Por que ela faz isso? O que ela quer?- pensava confuso
O jovem Kuruta não compreendia as ações da garota. Estava zangado com ela, mas acima de tudo estava zangado com ele mesmo por não entender seus próprios sentimentos em relação aquilo tudo. Irritava-se por não ter o controle. A maneira como ela se comportava era imprevisível e muitas vezes contraditória. Ele queria xingá-la de todas as formas que conhecia, e no fundo sabia que era exatamente isso que a garota esperava.
Não, não darei essa satisfação à ela.
– Obrigado pelo chá, mesmo eu não tendo pedido. – cochichou ele para não acordar os outros.
Como esperado Maia não lhe respondeu. Permaneceram em silencio por mais um bom tempo. Kurapika estava conformado de que não obteria qualquer palavra da garota quando foi surpreendido novamente naquela noite.
– Seus amigos...são boas pessoas – comentou ela entre um gole e outro.
– São sim – concordou o Kuruta.
Houve mais um período de silencio antes da garota continuar.
– Como soube? – perguntou ela.
– Como soube o que?- questionou confuso – Que eram boas pessoas?
Ela virou o rosto, olhou diretamente para ele e então deu um discreto sorriso de deboche.
– Não, como soube que o chá era um remédio?
A mente de Kurapika paralisou. Provavelmente não havia conseguido escutar a pergunta da garota já que seus pensamentos estavam voltados unicamente àquele simples gesto que o assombrou.
Ela....sorriu?
Maia ainda encarava o Kuruta atônito. Aquilo não podia ser verdade, estava ele ainda dormindo? Apesar de ter sido apenas um fraco riso de gozação, aquele comportamento não combinava em nada com as maneiras habituais da garota. Sua reação foi tão natural que não havia nem se dado conta quando uma de suas mãos tocou levemente na testa da garota.
– Você por acaso está doente? – perguntou ele com um misto de surpresa e diversão em seu rosto.

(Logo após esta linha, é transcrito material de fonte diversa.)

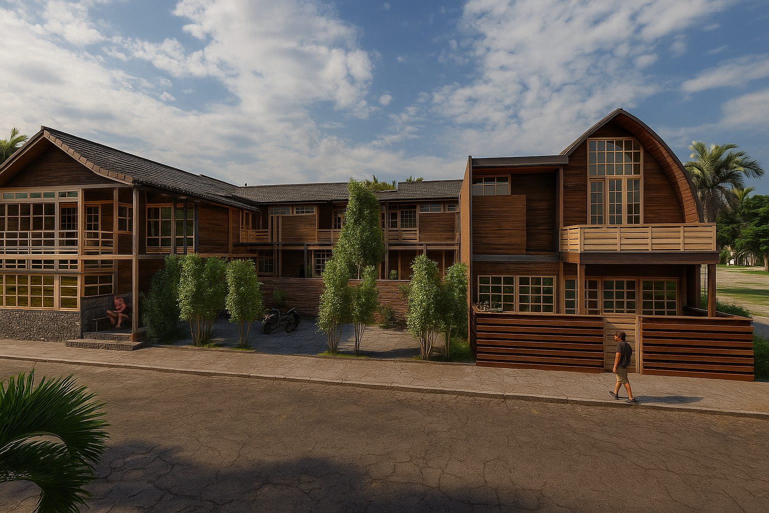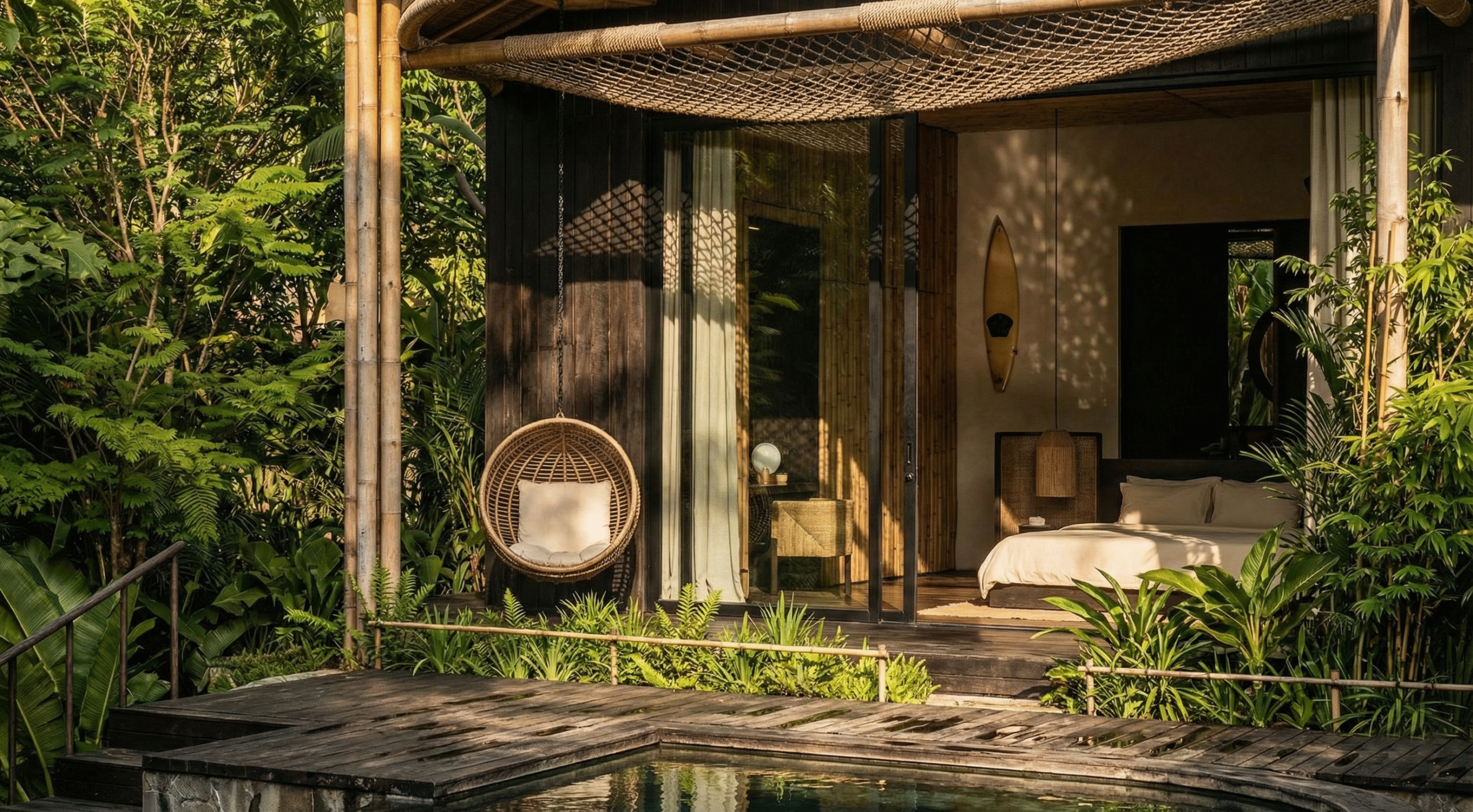 Located in the green surroundings of Seseh, Bali, The Wooden Haven is a small hamlet of four exceptional villas. The design, inspired by a refined Japanese aesthetic, prioritizes wood for its warmth and texture. The architecture integrates internal gardens, walkways, and hanging gardens to create visual harmony, and the running potable water ensures comfort. Each villa was designed to preserve privacy while allowing natural light to fill every interior space.

Não demorou mais que um segundo até o garoto perceber o que havia feito. A garota por sua vez o encarava com espanto enquanto ele refletia sobre a situação. Sua mente gritava para que se afastasse, porém seu corpo simplesmente não o obedecia. Mas mesmo que Kurapika pretendesse continuar com a mão em seu rosto por tempo indeterminado, logo o olhar de espanto de Maia se transformou em um olhar de reprovação, fazendo com que se afastasse rapidamente de seu toque. Kurapika achou que ela tentaria estrangulá-lo ou que amaldiçoaria todas as gerações de sua família, porém ela apenas voltou seu rosto para frente e repetiu a pergunta, dessa vez com seu típico tom frio e sério. Kurapika ainda demorou um pouco antes de responder à ela.
– Não foi algo tão consciente na hora, apenas me ocorreu... – parou para dar um gole – ...mas pensando bem, com um gosto amargo como esse, só poderia ser um remédio mesmo – comentou ele fazendo careta e logo em seguida sorrindo.
– Para você ele age apenas como um energizante – comentou ela didaticamente.
– E para você ele age como um remédio para curar o que? – perguntou ele
Kurapika sabia se tratar de uma pergunta ousada de sua parte, considerando o caráter reservado e por vezes reacionário da garota.
– O passado. – respondeu ela levantando logo em seguida e se afastando lentamente do jovem Kuruta. – Meu turno terminou. – completou ela se dirigindo até uma arvore próxima para se encostar.
Kurapika foi deixado sozinho novamente. Bom, pelo menos aparentemente não seria uma noite monótona afinal, teria muito o que pensar. No final das contas, mesmo dormindo, Maia ainda se fazia presente.
Tenho que parar com isso – se censurou respirando pesadamente.